This article will review some basic features of the
marginsplot
and mplotoffset
commands and
provide some practical examples of customization.
Motivating example
We will use data from the Agency for Healthcare Research and Quality (AHRQ) Medical Expenditure Panel Survey (MEPS).
Load data from GitHub repository
We will load our data from the GitHub repository Stata
tutorials. From Stata
, we can load data using the
import delimited
command. Once the data is loaded, we can
explore the data using the describe
command.
// SELECT DIRECTORY / LOAD DATA FROM GITHUB
clear all
import delimited "https://raw.githubusercontent.com/mbounthavong/Stata-tutorials/refs/heads/main/Data/meps22.csv"
// DESCRIBE DATA
describe
. // SELECT DIRECTORY / LOAD DATA FROM GITHUB
. clear all
. import delimited "https://raw.githubusercontent.com/mbounthavong/Stata-tutori
> als/refs/heads/main/Data/meps22.csv"
(encoding automatically selected: ISO-8859-1)
(5 vars, 18,101 obs)
.
. // DESCRIBE DATA
. describe
Contains data
Observations: 18,101
Variables: 5
-------------------------------------------------------------------------------
Variable Storage Display Value
name type format label Variable label
-------------------------------------------------------------------------------
dupersid double %10.0g
age byte %8.0g
race str43 %43s
povcat str15 %15s
totexp long %12.0g
-------------------------------------------------------------------------------
Sorted by:
Note: Dataset has changed since last saved.
.
The following variables are listed:
dupersid: This is the unique identifier of the respondent
age: Age of the respondent - Continuous data type
race: Race of the respondent - Categorical data type
povcat: Poverty category of the respondent - Categorical data type
totexp: Total healthcare expenditures (costs, $US) - Continuous data type
Create new variables
Let’s take a look at the race
and povcat
variables.
// RACE CATEGORIES
tab race, m
// POVERTY CATEGORIES
tab povcat, m
. // RACE CATEGORIES
. tab race, m
race | Freq. Percent Cum.
----------------------------------------+-----------------------------------
1 WHITE - NO OTHER RACE REPORTED | 13,639 75.35 75.35
2 BLACK - NO OTHER RACE REPORTED | 2,683 14.82 90.17
3 AMER INDIAN/ALASKA NATIVE - NO OTHE.. | 145 0.80 90.97
4 ASIAN/NATV HAWAIIAN/PACFC ISL-NO OTH | 1,090 6.02 96.99
6 MULTIPLE RACES REPORTED | 544 3.01 100.00
----------------------------------------+-----------------------------------
Total | 18,101 100.00
.
. // POVERTY CATEGORIES
. tab povcat, m
povcat | Freq. Percent Cum.
----------------+-----------------------------------
1 POOR/NEGATIVE | 2,788 15.40 15.40
2 NEAR POOR | 815 4.50 19.90
3 LOW INCOME | 2,387 13.19 33.09
4 MIDDLE INCOME | 5,032 27.80 60.89
5 HIGH INCOME | 7,079 39.11 100.00
----------------+-----------------------------------
Total | 18,101 100.00
.
The race
and povcat
variables are in string
format. We want to change these into numeric for our computations. We
can do this by creating new variables in Stata
.
// NEW RACE VARIABLE
codebook race, tab(1000) /* Provides the full label in a tabulate format */
gen race1 = .
replace race1 = 0 if race == "1 WHITE - NO OTHER RACE REPORTED"

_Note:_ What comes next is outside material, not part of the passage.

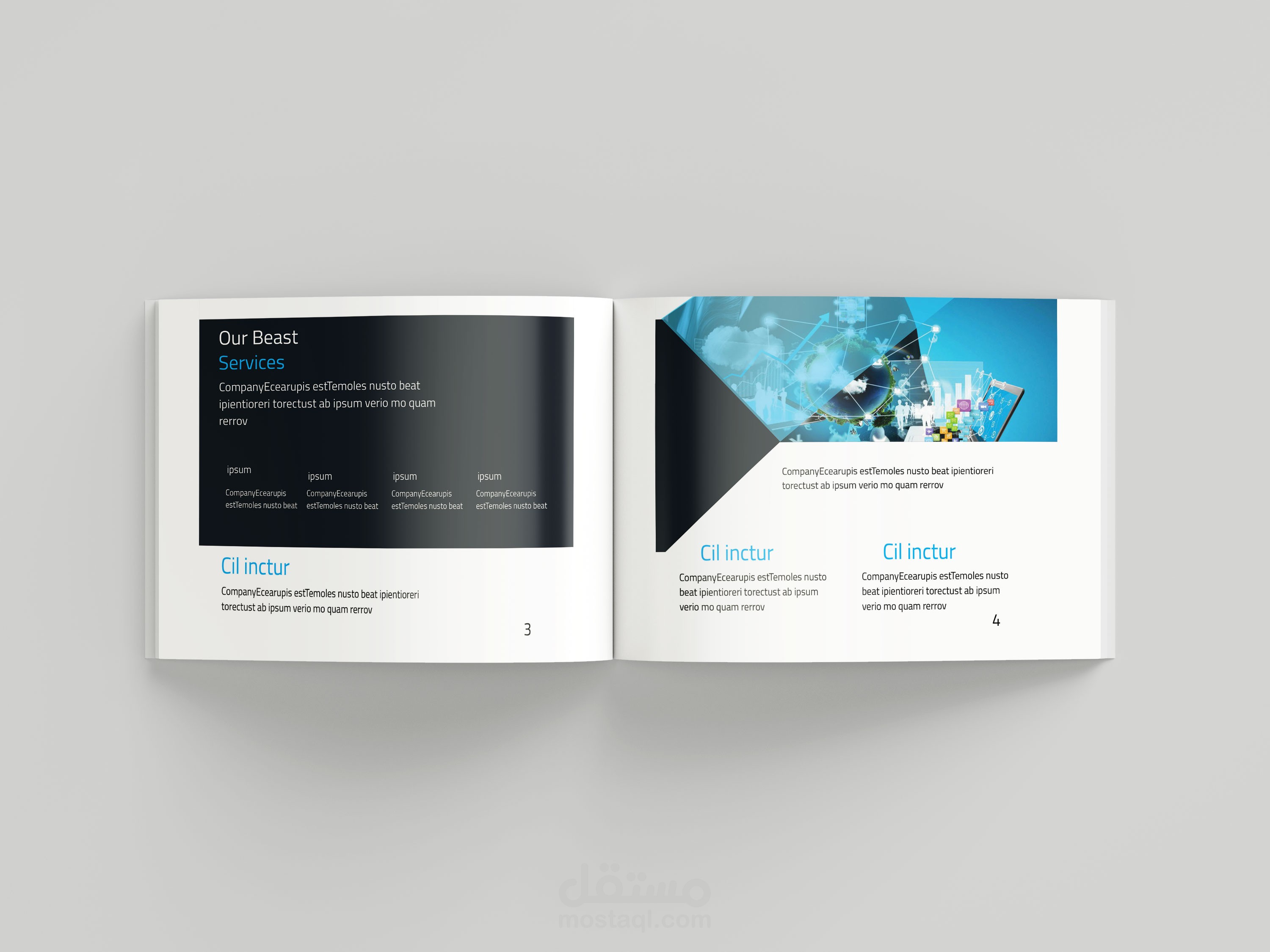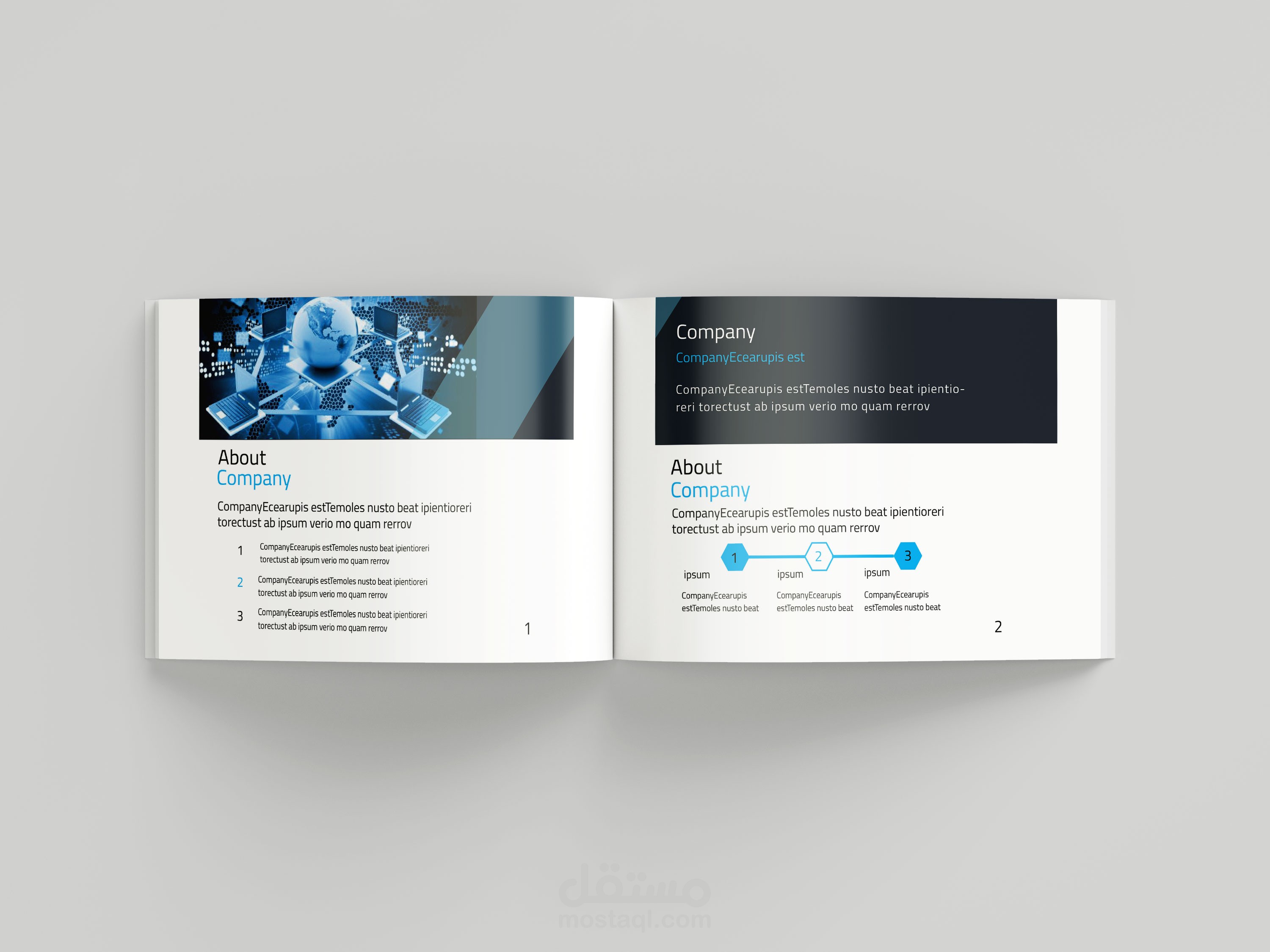 أقوم بتصميم ملف تعريفي خاص بالشركة ويمكن اخراجه باللغة الإنجليزية والعربية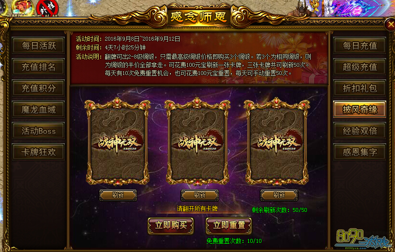 活动内容:翻牌可出2-8级绸缎,只需最高级绸缎价格即可购买3个绸缎。若3个为相同绸缎,则为绸缎半价全部拿走。可花费100元宝刷新一张卡牌,三张卡牌共可刷新50次。每天有10次免费重置机会,也可花费100元宝重置,每天可手动重置50次。

replace race1 = 1 if race == "2 BLACK - NO OTHER RACE REPORTED"
replace race1 = 2 if race == "3 AMER INDIAN/ALASKA NATIVE - NO OTHER RACE"
replace race1 = 3 if race == "4 ASIAN/NATV HAWAIIAN/PACFC ISL-NO OTH"
replace race1 = 4 if race == "6 MULTIPLE RACES REPORTED"
label define race_lbl 0 "White" 1 "Black" 2 "AI/AN" 3 "Asian" 4 "Mulitple"
label values race1 race_lbl
tab race1, m
// NEW POVERTY VARIABLE
codebook povcat, tab(1000) /* Provides the full label in a tabulate format */
gen poverty = .
replace poverty = 0 if povcat == "1 POOR/NEGATIVE"
replace poverty = 1 if povcat == "2 NEAR POOR"
replace poverty = 2 if povcat == "3 LOW INCOME"
replace poverty = 3 if povcat == "4 MIDDLE INCOME"
replace poverty = 4 if povcat == "5 HIGH INCOME"
label define poverty_lbl 0 "Poor" 1 "Near Poor" 2 "Low-income" 3 "Middle-income" 4 "High-income"
label values poverty poverty_lbl
tab poverty, m
. // NEW RACE VARIABLE
. codebook race, tab(1000) /* Provides the full label in a tabulate format */
-------------------------------------------------------------------------------
race (unlabeled)
-------------------------------------------------------------------------------
Type: String (str43)
Unique values: 5 Missing "": 0/18,101
Tabulation: Freq. Value
13,639 "1 WHITE - NO OTHER RACE REPORTED"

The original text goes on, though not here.